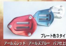
・L6 ¥52,500 (本体¥50,000)
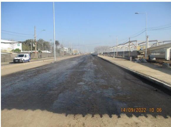
IMPRIMACION EJE B CALZADA NORTE KM 4.800 A KM 5.000
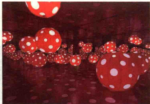
▲ 图1-5 草间弥生装置作品

但要注意的是，艺术是对美进行反映的一种文化样式，美只是艺术反映的对象，并不等于或者全部适用于艺术。艺术来源于生活，但又高于生活，只有将自然美和生活美进行再创造才能构成艺术，没有经过加工和再创造的自然美和生活美都不能称为艺术。
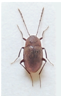
Slika 1: Aphaobius robustus – naravna velikost 2,8 mm.
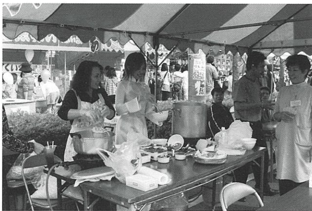
市民まつりの国際交流ひろば にたくさんの方が集まりました。

人気の世界のビールの試飲をはじめ、各国料理の販売やパフォーマンスの披露などを行いました。
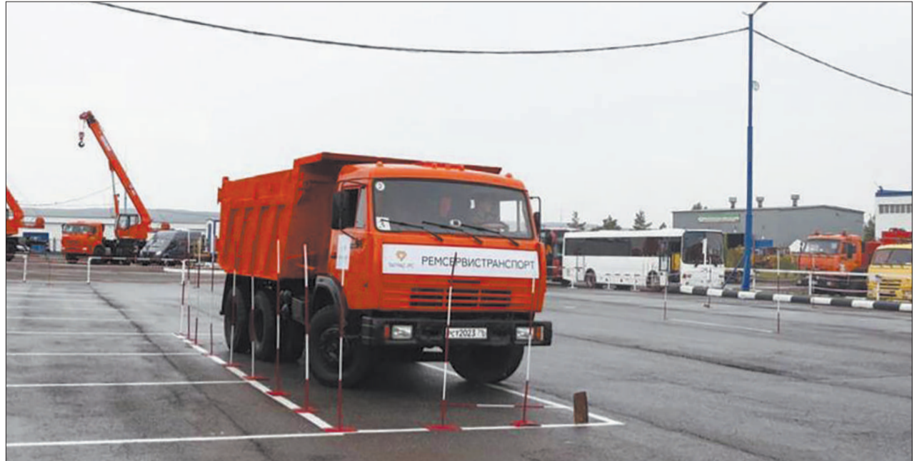
На конкурсе профессионального мастерства водители спецтехники показывают примеры отличного и безопасного вождения.

----

When you return the records, keep every word unchanged and drop the pictures.

・L6 ¥52,500 (本体¥50,000)
IMPRIMACION EJE B CALZADA NORTE KM 4.800 A KM 5.000
▲ 图1-5 草间弥生装置作品

但要注意的是，艺术是对美进行反映的一种文化样式，美只是艺术反映的对象，并不等于或者全部适用于艺术。艺术来源于生活，但又高于生活，只有将自然美和生活美进行再创造才能构成艺术，没有经过加工和再创造的自然美和生活美都不能称为艺术。
Slika 1: Aphaobius robustus – naravna velikost 2,8 mm.
市民まつりの国際交流ひろば にたくさんの方が集まりました。

人気の世界のビールの試飲をはじめ、各国料理の販売やパフォーマンスの披露などを行いました。
На конкурсе профессионального мастерства водители спецтехники показывают примеры отличного и безопасного вождения.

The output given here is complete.